* **RECORDS FOR THE TASK**:
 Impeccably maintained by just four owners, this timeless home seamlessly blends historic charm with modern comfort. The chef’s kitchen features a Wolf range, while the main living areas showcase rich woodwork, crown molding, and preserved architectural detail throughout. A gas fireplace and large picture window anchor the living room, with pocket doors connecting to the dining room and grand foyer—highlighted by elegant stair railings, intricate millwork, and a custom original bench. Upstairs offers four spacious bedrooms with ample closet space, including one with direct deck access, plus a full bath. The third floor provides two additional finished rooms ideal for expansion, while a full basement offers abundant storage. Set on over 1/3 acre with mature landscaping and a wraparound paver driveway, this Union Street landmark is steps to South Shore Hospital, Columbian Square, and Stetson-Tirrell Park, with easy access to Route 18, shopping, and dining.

==

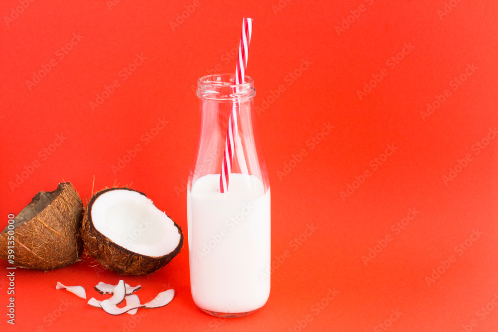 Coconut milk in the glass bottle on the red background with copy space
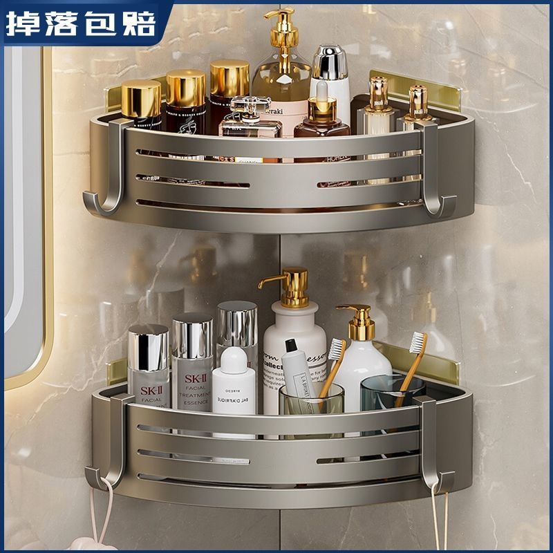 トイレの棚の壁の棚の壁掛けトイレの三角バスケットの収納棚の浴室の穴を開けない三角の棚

...

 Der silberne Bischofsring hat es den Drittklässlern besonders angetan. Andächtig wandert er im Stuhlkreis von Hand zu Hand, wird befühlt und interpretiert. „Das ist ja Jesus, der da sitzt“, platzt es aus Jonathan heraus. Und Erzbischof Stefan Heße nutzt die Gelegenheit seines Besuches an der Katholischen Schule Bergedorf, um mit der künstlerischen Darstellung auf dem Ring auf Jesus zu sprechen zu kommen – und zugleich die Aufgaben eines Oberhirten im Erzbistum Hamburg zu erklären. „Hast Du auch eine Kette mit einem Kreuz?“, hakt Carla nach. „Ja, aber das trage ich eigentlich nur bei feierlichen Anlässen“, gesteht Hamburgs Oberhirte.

* **AIM OF THE EXERCISE**:
Please output the lines above beginning at the line with "Coconut milk in" and ending after the line with "トイレの棚の壁の棚の壁掛けト", precisely as written and with no pictures.

* **EXERCISE RESPONSE**:
 Coconut milk in the glass bottle on the red background with copy space
 トイレの棚の壁の棚の壁掛けトイレの三角バスケットの収納棚の浴室の穴を開けない三角の棚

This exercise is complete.